§ Available records:

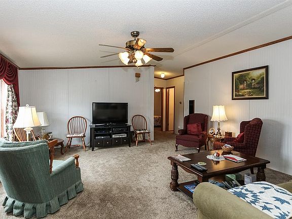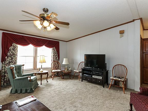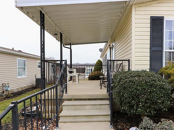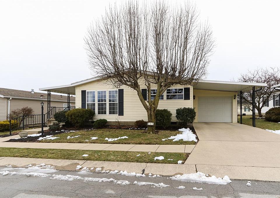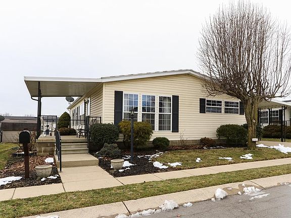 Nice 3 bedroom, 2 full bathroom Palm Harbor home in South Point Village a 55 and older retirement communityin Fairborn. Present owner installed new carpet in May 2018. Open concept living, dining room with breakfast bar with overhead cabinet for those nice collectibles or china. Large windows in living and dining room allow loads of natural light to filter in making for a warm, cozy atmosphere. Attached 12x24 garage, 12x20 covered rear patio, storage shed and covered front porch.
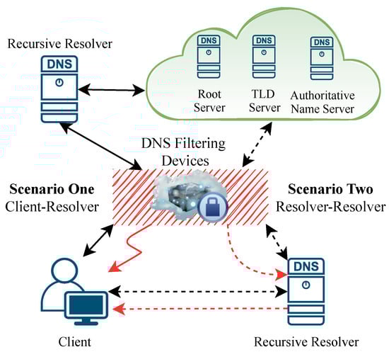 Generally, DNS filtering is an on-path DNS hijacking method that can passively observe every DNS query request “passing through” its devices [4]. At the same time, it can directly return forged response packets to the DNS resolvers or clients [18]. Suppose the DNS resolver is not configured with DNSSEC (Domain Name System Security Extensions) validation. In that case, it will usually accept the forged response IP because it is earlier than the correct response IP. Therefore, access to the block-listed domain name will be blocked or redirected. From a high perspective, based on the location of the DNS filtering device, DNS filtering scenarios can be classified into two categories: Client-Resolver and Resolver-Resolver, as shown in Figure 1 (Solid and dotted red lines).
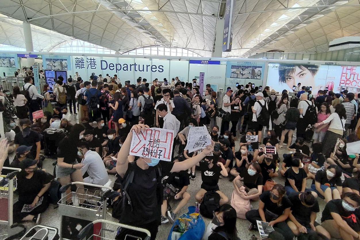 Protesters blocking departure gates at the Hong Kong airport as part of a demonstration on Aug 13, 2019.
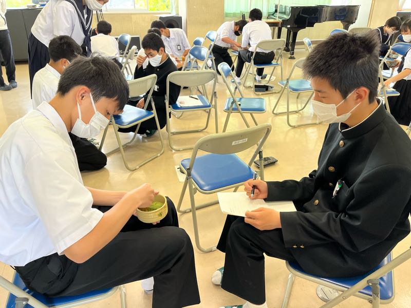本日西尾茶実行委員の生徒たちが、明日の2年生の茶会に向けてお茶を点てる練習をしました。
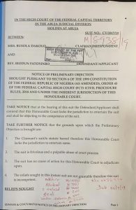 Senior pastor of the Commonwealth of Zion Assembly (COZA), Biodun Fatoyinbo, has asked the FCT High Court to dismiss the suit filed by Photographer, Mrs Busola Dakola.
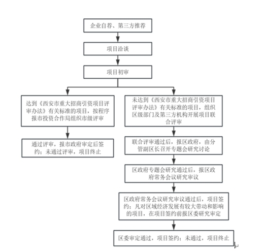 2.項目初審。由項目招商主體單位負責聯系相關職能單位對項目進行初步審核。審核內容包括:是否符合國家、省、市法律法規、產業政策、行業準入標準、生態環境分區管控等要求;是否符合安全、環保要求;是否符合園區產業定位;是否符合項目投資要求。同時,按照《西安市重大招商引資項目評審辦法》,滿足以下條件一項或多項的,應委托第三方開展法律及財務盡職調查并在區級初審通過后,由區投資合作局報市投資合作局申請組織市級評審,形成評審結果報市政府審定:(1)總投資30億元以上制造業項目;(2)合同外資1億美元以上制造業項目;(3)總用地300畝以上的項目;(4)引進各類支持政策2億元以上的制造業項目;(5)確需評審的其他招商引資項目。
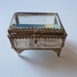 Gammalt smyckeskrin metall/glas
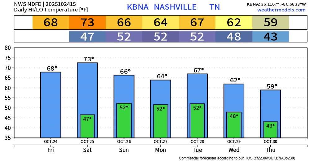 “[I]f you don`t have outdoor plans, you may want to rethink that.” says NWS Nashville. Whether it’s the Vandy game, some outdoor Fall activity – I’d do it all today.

* * *

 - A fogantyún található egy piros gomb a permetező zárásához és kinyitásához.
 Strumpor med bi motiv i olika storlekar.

§ Work order: Copy exactly the lines of the entries above from the one containing "Gammalt smyckeskrin metall/glas" through the one containing "it all today.". Both end lines count; pictures do not.

§ Solved exercise:
 Gammalt smyckeskrin metall/glas
 “[I]f you don`t have outdoor plans, you may want to rethink that.” says NWS Nashville. Whether it’s the Vandy game, some outdoor Fall activity – I’d do it all today.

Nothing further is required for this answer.